On 02/03/2023 22.13, [EXT] Tim Bowyer wrote:
I’m having the same issue but believe it’s related to my network topology.
I have multiple carrier-facing NIC’s and an internal NIC on each media
proxy.
Is this configuration supported?
This should work fine as long as it's "just" normal IP routing and
doesn't involve network namespaces or cgroups or things like that.
(Source-based routing should work, but other policy routing options
might not.)
[root(a)per01-mtp01.dev.xyz blah]# cat /proc/rtpengine/0/list
local inet4 203.x.x.x:40000
stats: 350880 bytes, 2040
packets, 0 errors
RTP payload type 0: 0 bytes, 0
packets
RTP payload type 8: 350880 bytes, 2040
packets
SSRC in: 65aa31af
output #0
src inet4 10.y.y.y:40000
dst inet4 203.x.x.x:39302
This looks like the kernel module is receiving packets just fine and is
sending them out (or trying to).
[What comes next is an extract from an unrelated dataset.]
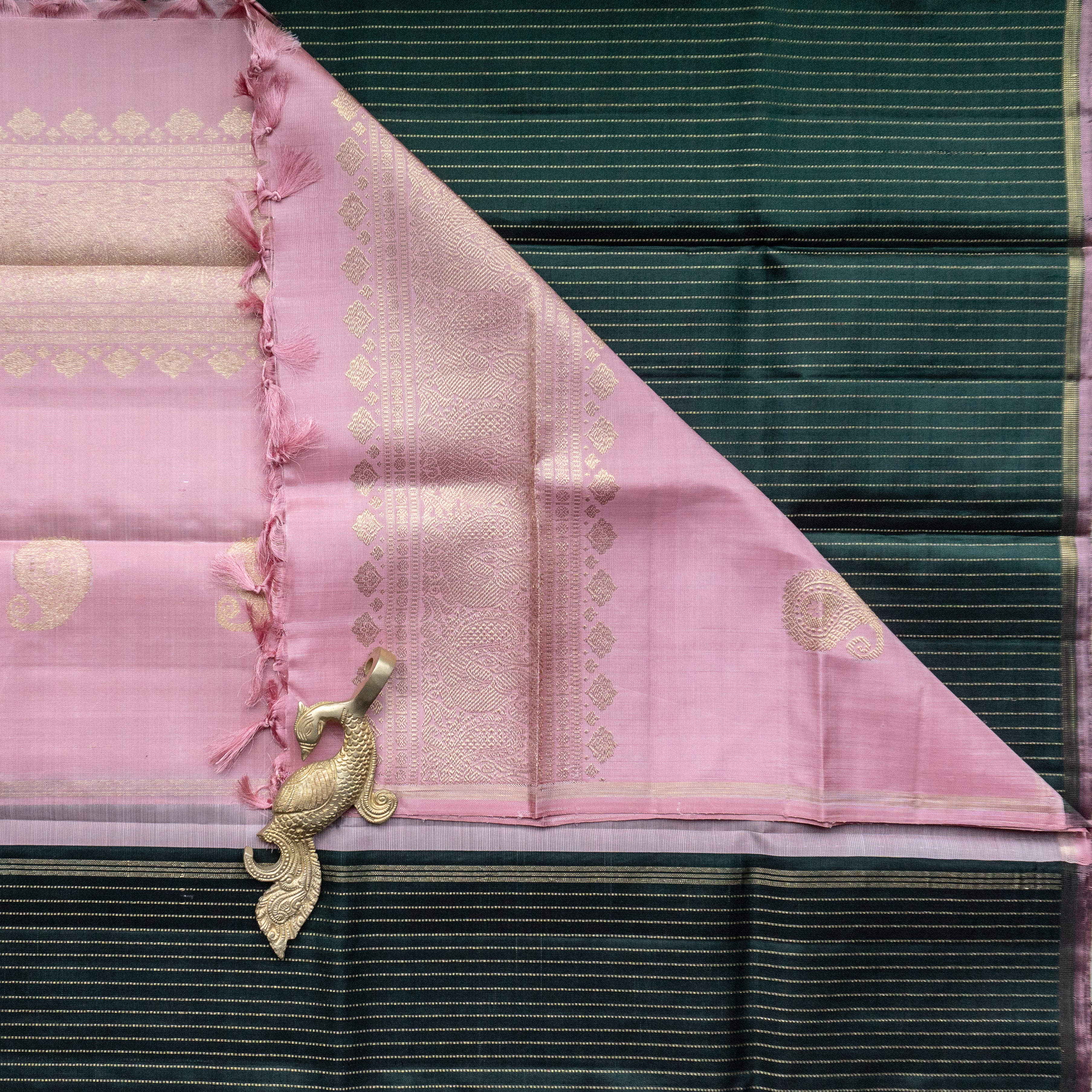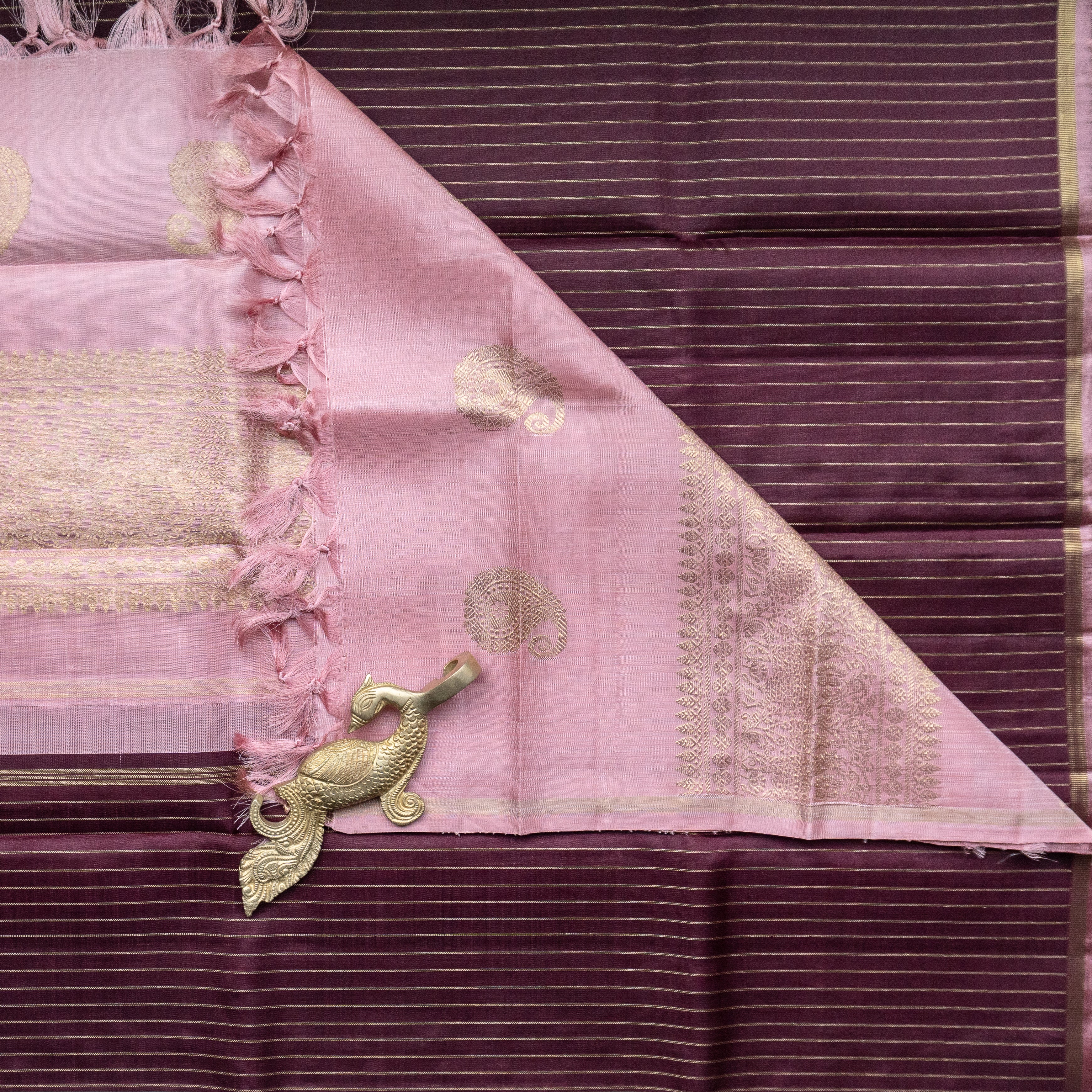 Brown kanjivaram Duppatta with subtle zari stripes, complemented by pastel pink sides adorned with rich traditional zari work for a refined and elegant look.
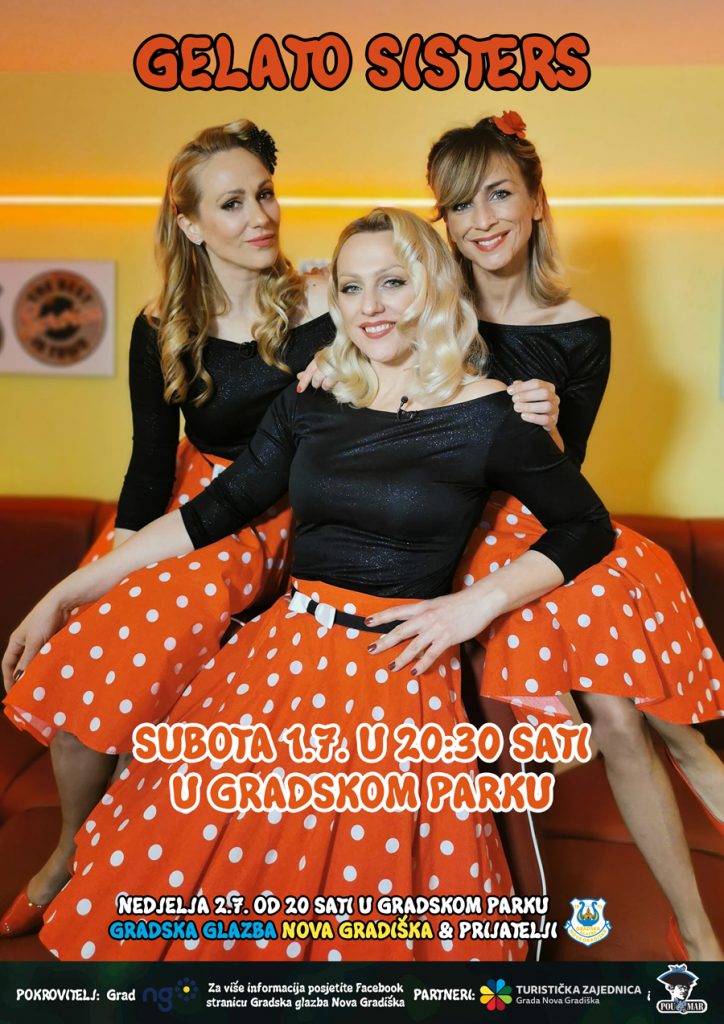 Gradska glazba Nova Gradiška vas poziva na nastup skupine GelatoSisters koji će se odviti ovu subotu, 1. srpnja, u središnjem gradskom parku parku s početkom u 20:30 sati.

It should work as long as the kernel is
able to route packets from the 10.x address to the 203.x address.
I was also looking to find some config to make this working using
firewalld rules, fishing through the Sipwise repos I stumbled across
some firewalld rules as part of their automated builds but didn’t have
any luck with them
If somebody had some rules I could try would be much appreciated!
There's two things here. One is the necessary "-j RTPENGINE" iptables
rule, which is needed to pass the packets to the kernel module to
process. The bundled systemd startup scripts are in charge of adding and
removing that. However, if you have separate firewall scripts which may
override or remove this rule in some way, then this needs to be taken
into account, so you don't lose this rule. But from your /proc output
it's obvious that this rule is in place.
The other thing is that rtpengine is able to manage firewall rules for
individual ports directly, opening and closing the firewall rules as
individual ports are opened and closed. This is entirely optional, and
needs to be enabled explicitly, and is in fact not recommended usage.